This year’s Virtual Worlds Best Practices in Education conference aims to focus on imagination. Themed Imagination Around the World, this free virtual event takes place in Second Life on March 12–13. Second Life is growing as a venue for education at multiple grade levels. According to Nielsen, Second Life is the second most popular PC game worldwide (behind World of Warcraft). Imagination is sometimes neglected in traditional education settings, but is actually IMO the most important area to develop. Without imagination and creativity what are we? The VWBPE 2010 committee wants to highlight the importance of stimulating the imagination as a means of “sharing knowledge.” Education in virtual worlds relies heavily on collaboration and communication, but would you say that it is more collaborative than traditional education?
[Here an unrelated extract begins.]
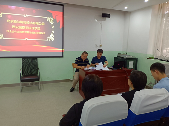 2021年9月15日下午四点半,北京拉勾网络技术有限公司与ac米兰官方网站在南楼108报告厅进行校企合作实践教学基地签约授牌仪式。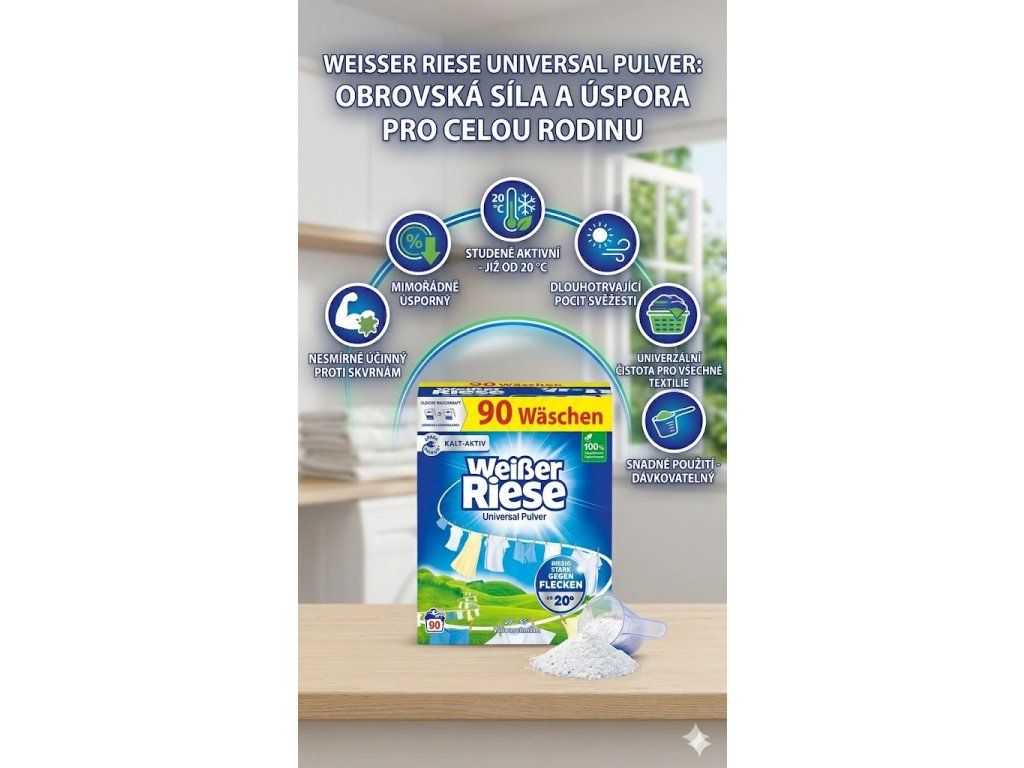 Weisser Riese univerzální prací prášek v balení s hmotností 4,5 kg nabízí komplexní péči o vaše prádlo a je určen pro až 90 praní. Tento prací prášek má několik vlastností a výhod, které jej dělají atraktivním pro různé potřeby v oblasti prádla:

I guess the answer is, “it depends.”
VWBPE 2009 talk on the U.S. Department of Education’s Handheld Augmented Reality Project (HARP). The project is geared towards engaging middle school students in collaborative learning games. In the video O’Shea differentiates augmented reality as a merging between physical reality and virtual reality.
In general I think that smart people will find ways to educate themselves. I’d like to see learning environments that give students the opportunity to specialize at younger ages. In other words I think it would be beneficial to gear high-school and even some middle-school students towards the subject areas where they excel rather than forcing everyone study every subject (even when they’re just not built for it). Each student might not be as well-rounded but as whole each generation still would be. There’d be more positive engagement and less dropouts. Virtual worlds may be a great resource for accomplishing this because of their ability to open the imagination and at the same time foster communication among like minds across the globe. Thoughts? Anyone planning on attending the conference?